I have Excel 97-2003 files and I need to read them to process them through some ETL loop but I can’t find the way to read them.
I tried Excel reader but it is not working because it gives me this error:
“format file … is not supported. Please select a valid XLSX, XLSM, XLSB or XLS file”
With File reader I receive this error:
“Execute failed: Illegal char <:> at index 4: file:…”
Is there any other possibility to read it?
Thanks for the example. I opened it first using Excel and it appears to be in an unusual Excel format called “XML Spreadsheet 2003 (*.xml)” instead of a usual XLS format. This is how it looks like when I open it with NotePad++:
I guess this is why KNIME doesn’t know how to handle it and hence it is displaying error message:
At a first glance, there are a few solutions:
Convert beforehand the files from “XML Spreadsheet 2003 (*.xml)” to XLSX format using a recent version of XLS so that KNIME can read them. This manual work is fine if you only have a few files to convert
Download from the internet and run a C# / Python / Java utility to bulk convert all your files from “XML Spreadsheet 2003 (*.xml)” to XLSX format.
If the format of your files is always the same as in the example:
then you could read the files on KNIME as XML files and then build a workflow to analyze the XML content and extract the information. This should not be difficult if your files -always- have the same format as shown before.
Please reach out if the 3rd solution is ok with you and you would need extra help to implement it.
Let’s say that every month the files are in the same format but the structure changes because I have files for many different plants that have different structures.
But basically, the file for the PLANT A has the same structure and the same format every month, PLANT B has the same structure and the same format every month, and so on.
So maybe the possibility of Python would be the best right?
Can you help me also with this solution, please?
@pnotova from what I see this file is a quite old special Excel Format from the times of Office XP. It can be opened using LibreOffice without a problem or error messages, and sometimes with error messages with a current version of Excel. I have tried several packages in R and Python but was not able to read the file properly. Question indeed would be if it can be loaded in a different way.
My pleasure. I have implemented a simple “Excel 97-2003” to modern XLSX file format converter workflow in KNIME and I’m currently documenting it. For further testing the workflow example, I would need at least an extra couple of different -Excel 97-2003- files, just to check that everything works fine.
Would you mind to upload these extra files here please?
Once I have tested the workflow on them, I will upload it here with explanations.
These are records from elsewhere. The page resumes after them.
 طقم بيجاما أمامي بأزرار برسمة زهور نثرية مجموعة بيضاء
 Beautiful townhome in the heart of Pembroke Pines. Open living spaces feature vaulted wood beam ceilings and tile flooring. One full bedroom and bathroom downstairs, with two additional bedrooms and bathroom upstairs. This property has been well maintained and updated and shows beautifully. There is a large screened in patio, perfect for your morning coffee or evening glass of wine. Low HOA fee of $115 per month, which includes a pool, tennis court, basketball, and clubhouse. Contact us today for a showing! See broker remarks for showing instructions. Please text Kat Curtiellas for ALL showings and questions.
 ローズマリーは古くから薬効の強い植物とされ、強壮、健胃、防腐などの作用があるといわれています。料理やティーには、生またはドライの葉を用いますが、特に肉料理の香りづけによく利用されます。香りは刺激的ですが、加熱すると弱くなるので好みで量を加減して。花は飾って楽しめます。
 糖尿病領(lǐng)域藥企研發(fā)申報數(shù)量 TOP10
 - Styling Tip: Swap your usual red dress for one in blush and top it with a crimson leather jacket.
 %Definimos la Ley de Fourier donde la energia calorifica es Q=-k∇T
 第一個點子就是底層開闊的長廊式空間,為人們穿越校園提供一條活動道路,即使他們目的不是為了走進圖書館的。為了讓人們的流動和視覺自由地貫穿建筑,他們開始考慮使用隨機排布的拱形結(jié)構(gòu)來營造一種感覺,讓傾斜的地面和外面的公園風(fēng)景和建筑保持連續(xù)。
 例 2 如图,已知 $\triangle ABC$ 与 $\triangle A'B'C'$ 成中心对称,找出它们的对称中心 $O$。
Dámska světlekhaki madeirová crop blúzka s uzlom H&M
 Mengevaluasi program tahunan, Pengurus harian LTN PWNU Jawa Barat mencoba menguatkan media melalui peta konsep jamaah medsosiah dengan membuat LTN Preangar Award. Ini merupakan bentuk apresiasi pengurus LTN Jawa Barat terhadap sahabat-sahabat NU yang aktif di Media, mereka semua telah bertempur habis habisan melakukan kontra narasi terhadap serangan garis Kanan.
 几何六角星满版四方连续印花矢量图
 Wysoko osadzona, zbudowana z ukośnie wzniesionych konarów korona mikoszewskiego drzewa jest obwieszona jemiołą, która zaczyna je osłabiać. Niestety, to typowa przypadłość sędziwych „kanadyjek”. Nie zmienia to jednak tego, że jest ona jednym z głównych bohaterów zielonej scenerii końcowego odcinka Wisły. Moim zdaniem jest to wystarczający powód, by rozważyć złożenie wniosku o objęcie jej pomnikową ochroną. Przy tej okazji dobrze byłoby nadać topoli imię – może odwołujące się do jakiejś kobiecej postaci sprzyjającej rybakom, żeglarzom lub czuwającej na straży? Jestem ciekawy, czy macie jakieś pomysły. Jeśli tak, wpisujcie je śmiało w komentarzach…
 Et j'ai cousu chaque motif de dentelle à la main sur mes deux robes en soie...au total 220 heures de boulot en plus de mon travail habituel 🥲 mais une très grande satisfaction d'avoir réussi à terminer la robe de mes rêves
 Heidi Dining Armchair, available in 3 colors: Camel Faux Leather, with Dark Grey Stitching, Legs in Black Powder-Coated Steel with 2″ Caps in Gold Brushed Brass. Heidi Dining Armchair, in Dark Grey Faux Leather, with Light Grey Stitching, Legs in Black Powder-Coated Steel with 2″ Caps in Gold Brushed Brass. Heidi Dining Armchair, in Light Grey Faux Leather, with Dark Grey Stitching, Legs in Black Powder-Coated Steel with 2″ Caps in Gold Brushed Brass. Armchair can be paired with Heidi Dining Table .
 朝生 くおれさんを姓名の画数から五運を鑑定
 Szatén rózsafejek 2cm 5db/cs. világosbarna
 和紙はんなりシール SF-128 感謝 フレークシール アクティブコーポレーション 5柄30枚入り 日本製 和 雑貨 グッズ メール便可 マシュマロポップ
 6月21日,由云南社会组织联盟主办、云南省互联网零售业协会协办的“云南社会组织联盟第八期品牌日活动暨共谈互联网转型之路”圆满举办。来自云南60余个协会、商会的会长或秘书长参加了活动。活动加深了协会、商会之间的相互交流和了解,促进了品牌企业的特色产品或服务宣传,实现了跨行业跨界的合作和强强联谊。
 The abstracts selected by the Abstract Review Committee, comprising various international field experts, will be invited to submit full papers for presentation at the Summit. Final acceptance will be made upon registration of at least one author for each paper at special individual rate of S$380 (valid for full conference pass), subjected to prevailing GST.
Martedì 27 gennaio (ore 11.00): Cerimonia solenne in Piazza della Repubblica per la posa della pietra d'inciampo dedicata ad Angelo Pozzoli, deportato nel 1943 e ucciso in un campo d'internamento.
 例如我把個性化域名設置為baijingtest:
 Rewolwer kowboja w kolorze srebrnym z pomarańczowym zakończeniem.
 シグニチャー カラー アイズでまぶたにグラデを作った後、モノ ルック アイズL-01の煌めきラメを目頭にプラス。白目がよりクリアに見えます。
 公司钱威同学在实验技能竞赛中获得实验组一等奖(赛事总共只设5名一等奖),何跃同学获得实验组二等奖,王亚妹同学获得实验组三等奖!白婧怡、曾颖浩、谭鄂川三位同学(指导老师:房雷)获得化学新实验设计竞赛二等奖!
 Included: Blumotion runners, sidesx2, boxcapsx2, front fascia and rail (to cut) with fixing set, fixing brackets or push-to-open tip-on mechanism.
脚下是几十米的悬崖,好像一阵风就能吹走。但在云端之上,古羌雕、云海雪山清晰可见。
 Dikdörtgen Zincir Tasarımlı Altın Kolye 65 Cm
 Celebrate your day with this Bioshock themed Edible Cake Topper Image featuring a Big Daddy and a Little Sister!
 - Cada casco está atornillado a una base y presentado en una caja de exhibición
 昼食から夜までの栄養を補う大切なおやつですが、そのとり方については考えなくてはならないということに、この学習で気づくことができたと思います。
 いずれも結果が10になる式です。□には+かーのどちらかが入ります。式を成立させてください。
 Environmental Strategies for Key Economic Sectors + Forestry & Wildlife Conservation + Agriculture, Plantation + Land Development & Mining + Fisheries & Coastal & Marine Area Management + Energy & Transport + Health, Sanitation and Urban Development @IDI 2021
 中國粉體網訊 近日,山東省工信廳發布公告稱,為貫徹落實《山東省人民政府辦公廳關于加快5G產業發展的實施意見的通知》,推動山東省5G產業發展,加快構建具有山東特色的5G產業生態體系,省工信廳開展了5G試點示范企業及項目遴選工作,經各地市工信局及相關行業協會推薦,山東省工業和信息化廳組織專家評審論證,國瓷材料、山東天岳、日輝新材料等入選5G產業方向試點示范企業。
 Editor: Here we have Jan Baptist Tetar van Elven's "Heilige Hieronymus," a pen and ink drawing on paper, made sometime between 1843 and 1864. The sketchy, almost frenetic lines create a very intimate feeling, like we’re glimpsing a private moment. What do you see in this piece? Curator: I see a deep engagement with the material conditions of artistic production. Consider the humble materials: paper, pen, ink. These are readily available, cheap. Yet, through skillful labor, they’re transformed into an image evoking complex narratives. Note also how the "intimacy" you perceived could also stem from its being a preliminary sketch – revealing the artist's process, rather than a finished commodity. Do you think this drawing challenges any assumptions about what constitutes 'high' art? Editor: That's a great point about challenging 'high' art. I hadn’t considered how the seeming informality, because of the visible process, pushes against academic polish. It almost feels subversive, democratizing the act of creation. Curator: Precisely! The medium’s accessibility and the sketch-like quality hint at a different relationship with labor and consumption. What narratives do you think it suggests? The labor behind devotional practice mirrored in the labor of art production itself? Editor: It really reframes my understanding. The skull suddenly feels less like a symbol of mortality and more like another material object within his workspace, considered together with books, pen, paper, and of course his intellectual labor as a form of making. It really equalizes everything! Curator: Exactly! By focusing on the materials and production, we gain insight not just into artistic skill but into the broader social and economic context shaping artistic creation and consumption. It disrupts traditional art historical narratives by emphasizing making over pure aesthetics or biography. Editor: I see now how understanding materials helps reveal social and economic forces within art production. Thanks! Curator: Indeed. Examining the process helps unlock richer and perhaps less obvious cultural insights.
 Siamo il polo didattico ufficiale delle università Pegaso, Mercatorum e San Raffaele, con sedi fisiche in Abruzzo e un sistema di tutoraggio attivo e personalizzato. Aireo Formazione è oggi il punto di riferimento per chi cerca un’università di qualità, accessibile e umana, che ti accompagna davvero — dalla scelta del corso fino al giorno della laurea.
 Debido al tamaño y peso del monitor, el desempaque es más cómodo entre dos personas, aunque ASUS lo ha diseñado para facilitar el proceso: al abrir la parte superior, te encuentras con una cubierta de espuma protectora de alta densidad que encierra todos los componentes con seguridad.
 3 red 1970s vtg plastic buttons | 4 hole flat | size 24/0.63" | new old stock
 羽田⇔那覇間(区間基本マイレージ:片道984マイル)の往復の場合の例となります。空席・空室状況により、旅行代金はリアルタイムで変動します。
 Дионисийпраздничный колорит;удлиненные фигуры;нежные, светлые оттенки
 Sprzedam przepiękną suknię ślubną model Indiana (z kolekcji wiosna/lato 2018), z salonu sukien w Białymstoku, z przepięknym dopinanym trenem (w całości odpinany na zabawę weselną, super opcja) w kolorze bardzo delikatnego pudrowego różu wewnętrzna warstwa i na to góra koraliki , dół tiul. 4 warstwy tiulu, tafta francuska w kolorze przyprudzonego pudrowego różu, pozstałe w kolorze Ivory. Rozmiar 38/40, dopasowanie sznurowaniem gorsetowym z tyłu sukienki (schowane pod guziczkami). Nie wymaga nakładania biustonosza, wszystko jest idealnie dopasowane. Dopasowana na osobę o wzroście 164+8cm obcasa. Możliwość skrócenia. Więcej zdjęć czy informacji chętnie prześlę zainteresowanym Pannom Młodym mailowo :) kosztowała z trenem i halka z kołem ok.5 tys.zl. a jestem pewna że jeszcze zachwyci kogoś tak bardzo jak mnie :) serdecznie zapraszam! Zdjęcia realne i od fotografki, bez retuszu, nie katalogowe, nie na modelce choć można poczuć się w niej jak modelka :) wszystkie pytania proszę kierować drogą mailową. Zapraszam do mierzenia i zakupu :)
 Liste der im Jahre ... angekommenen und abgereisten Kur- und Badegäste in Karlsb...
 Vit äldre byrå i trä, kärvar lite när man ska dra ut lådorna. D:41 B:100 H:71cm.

How the workflow works is explained node by node. Essentially, the Excel file is read as a XML file and the XML is interpreted to extract the worksheets and their names. Every worksheet is analysed independently to extract columns and cell content and eventually the newly created tables are stored back again in XLSX Excel format in the most probable column types.
As explained in the workflow description, it runs as follows:
This workflow shows how to read several simple Excel files in Excel 97-2003 (XML) format and how to convert them in current XLSX file format.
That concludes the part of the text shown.